Of course, from the earliest days of the American experiment, states have pushed back against administrations of all ideological stripes that were trying to impose their views. The perpetual tug of war between the federal and state governments, addressed only generally in the 10th Amendment to the U.S. Constitution, has created reams of case law. And the challenges continue: Republican-led states brought dozens of suits against former President Barack Obama’s administration, whether over new limits on smog, bathroom access for transgender students or the mandate that most Americans carry health insurance.
But in Trump’s administration, it’s not just Democratic state attorneys general and governors who are challenging the orders.
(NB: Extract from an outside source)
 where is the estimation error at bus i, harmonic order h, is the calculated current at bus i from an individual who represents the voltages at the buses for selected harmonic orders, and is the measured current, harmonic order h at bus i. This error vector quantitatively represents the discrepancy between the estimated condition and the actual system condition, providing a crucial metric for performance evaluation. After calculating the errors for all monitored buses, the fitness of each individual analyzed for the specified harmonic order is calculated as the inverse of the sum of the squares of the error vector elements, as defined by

Sen. Cory Gardner, Republican of Colorado, clashed with the attorney general of his own party after Sessions, in January, rolled back Obama’s policy of noninterference with states that legalized marijuana. Gardner railed against the decision on the Senate floor as “a trampling of Colorado’s rights, its voters” and vowed to block Trump’s nominees to the Justice Department over the issue, though he has since released his hold on several nominees.
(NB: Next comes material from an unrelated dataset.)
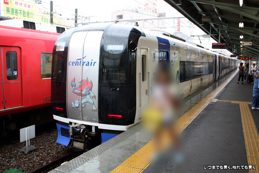 末娘とポケモンスタンプラリーに行った時に乗ったり各駅で見たりした名鉄電車です。末娘にピントを合わせているので電車はややピントがずれています。

DeVos’ move in March to shield companies that collect federal student loans from state crackdowns on abusive practices drew objections from nearly half the nation’s attorneys general — several Republicans among them.
Colorado Attorney General Cynthia H. Coffman slammed the policy as “attempted federal overreach.” The Trump administration, she said in a statement to POLITICO, “simply does not have the authority to unilaterally preempt the right of states to protect their citizens from student loan servicers and debt collectors who violate state consumer protection law.”
Even the National Governors Association, a nonpartisan organization representing governors of both parties, urged DeVos to reconsider the decision. The group said it is concerned that DeVos’ Education Department “is heading in a direction that runs counter to the principles of collaborative federalism governors presented to Congress."
Zinke also is finding it difficult is to balance the administration's talk of states’ rights with Trump’s desire to open federal land and waters to oil and gas drilling.
Governors from nearly every state along the Atlantic and Pacific have asked him to take their coasts out of Interior’s five-year offshore drilling plan, saying drilling could hurt their tourism and fishing economies.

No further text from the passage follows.